Task input.
= = = =

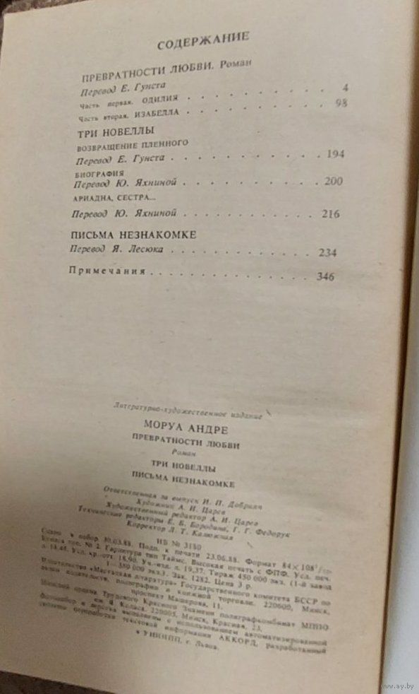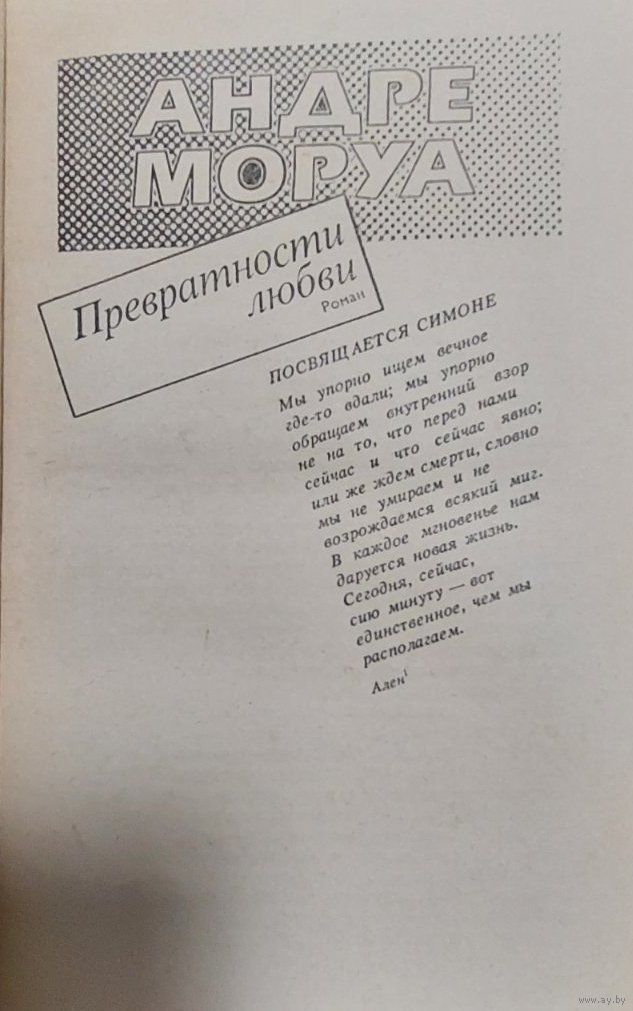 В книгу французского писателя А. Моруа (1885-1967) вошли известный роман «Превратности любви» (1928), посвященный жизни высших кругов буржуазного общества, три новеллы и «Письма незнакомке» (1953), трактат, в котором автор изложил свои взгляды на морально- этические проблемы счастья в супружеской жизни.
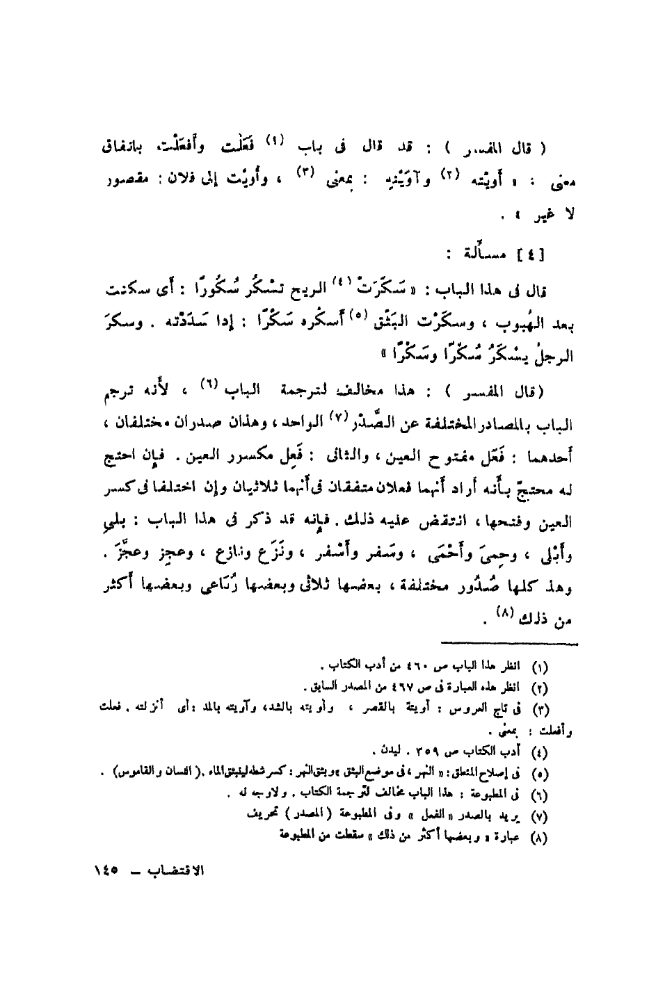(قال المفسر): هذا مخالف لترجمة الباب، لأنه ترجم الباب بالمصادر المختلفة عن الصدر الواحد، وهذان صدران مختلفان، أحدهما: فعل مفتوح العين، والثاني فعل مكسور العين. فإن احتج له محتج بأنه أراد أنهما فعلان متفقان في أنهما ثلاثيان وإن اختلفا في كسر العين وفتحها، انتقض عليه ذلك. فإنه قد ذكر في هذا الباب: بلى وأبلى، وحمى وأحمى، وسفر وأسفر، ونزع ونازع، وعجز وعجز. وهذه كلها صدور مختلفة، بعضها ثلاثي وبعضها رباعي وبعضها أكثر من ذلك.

= = = =

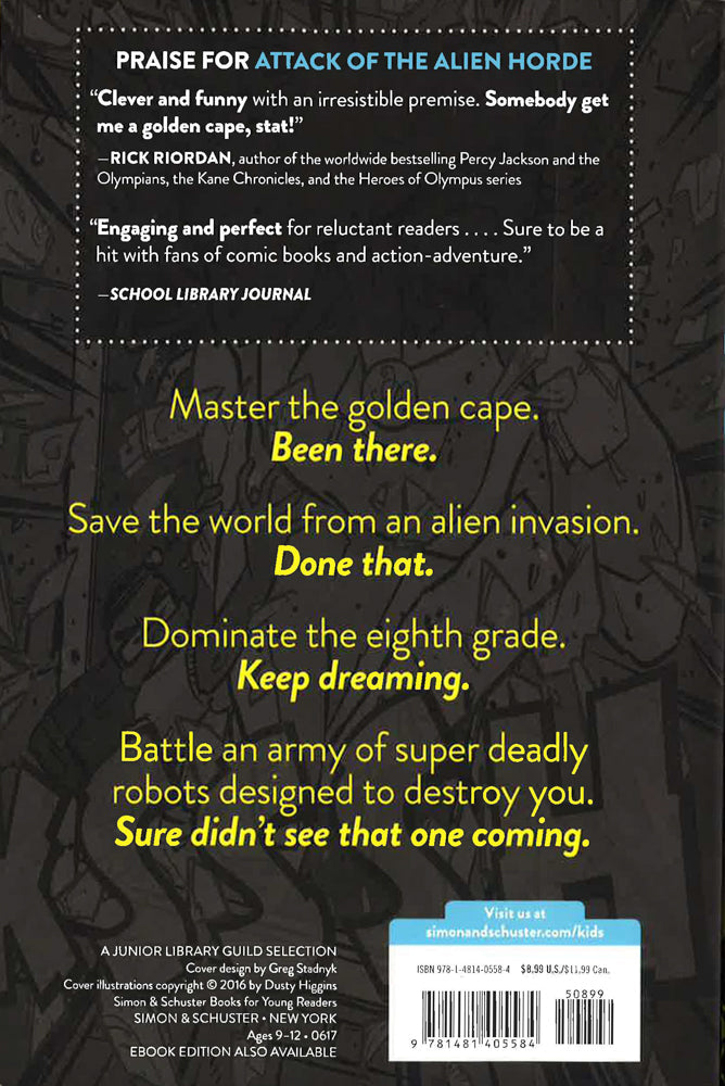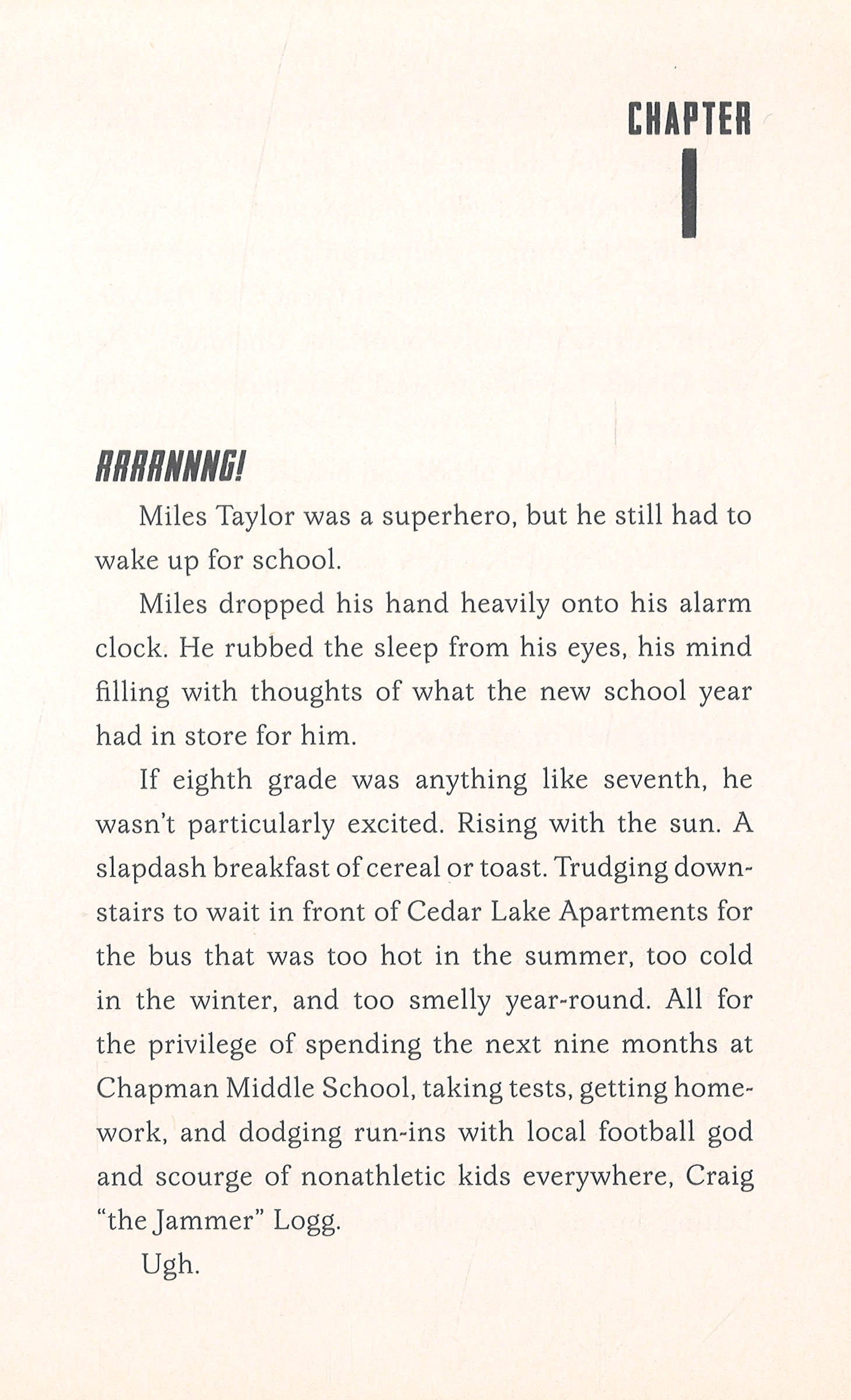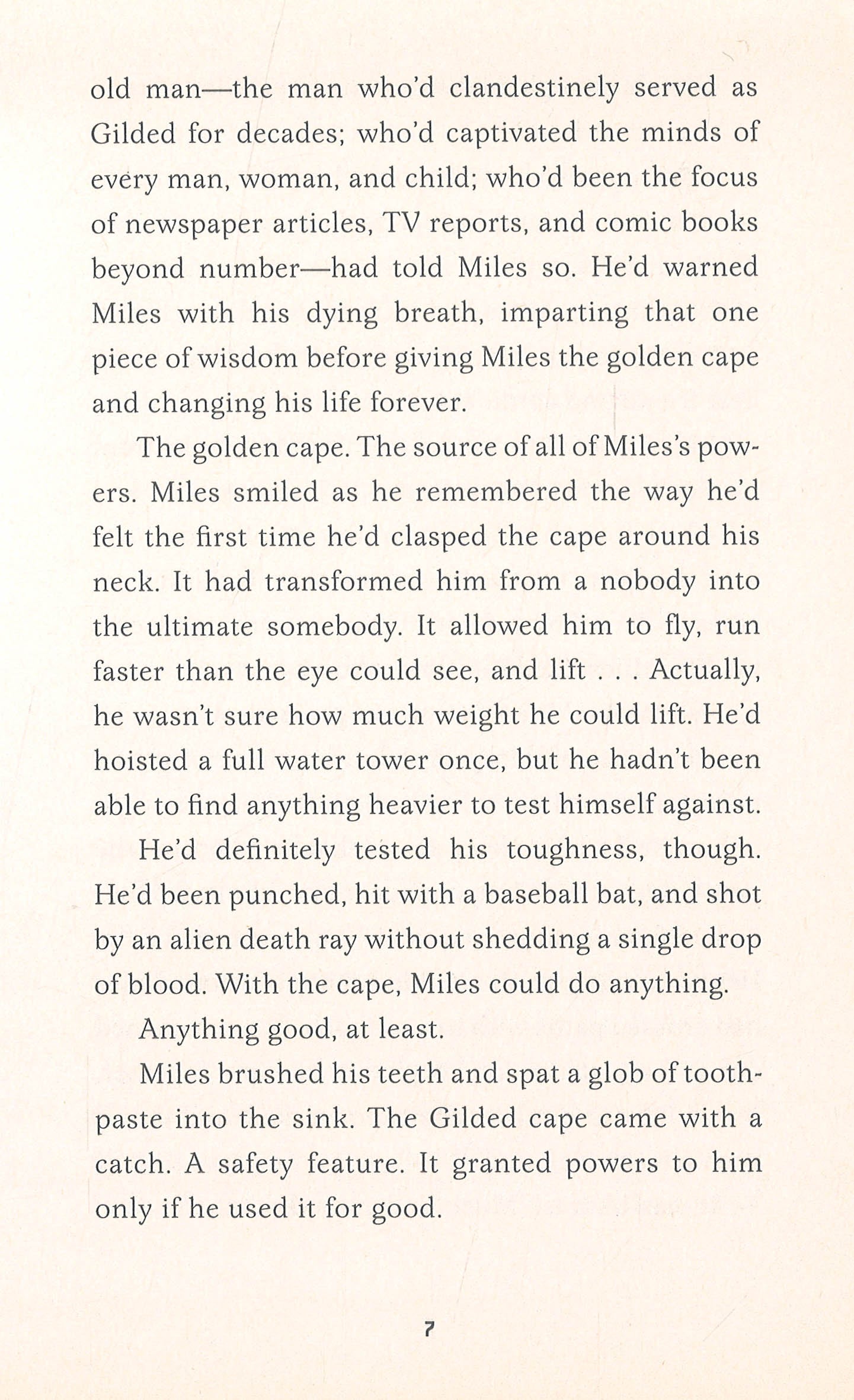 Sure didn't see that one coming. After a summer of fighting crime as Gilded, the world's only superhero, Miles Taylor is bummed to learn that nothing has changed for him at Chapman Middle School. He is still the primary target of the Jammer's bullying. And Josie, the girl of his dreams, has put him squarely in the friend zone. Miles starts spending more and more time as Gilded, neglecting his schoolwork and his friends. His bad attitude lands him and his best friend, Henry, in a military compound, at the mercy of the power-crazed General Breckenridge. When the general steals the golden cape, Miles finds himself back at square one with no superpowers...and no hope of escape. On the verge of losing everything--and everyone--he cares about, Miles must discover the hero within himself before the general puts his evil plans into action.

= = = =

What the exercise asks.
The lines to reproduce run from the one above containing "В книгу французского" through the one containing "(قال المفسر): هذا". Copy them exactly and leave out all pictures.

Response to the task.
 В книгу французского писателя А. Моруа (1885-1967) вошли известный роман «Превратности любви» (1928), посвященный жизни высших кругов буржуазного общества, три новеллы и «Письма незнакомке» (1953), трактат, в котором автор изложил свои взгляды на морально- этические проблемы счастья в супружеской жизни.
(قال المفسر): هذا مخالف لترجمة الباب، لأنه ترجم الباب بالمصادر المختلفة عن الصدر الواحد، وهذان صدران مختلفان، أحدهما: فعل مفتوح العين، والثاني فعل مكسور العين. فإن احتج له محتج بأنه أراد أنهما فعلان متفقان في أنهما ثلاثيان وإن اختلفا في كسر العين وفتحها، انتقض عليه ذلك. فإنه قد ذكر في هذا الباب: بلى وأبلى، وحمى وأحمى، وسفر وأسفر، ونزع ونازع، وعجز وعجز. وهذه كلها صدور مختلفة، بعضها ثلاثي وبعضها رباعي وبعضها أكثر من ذلك.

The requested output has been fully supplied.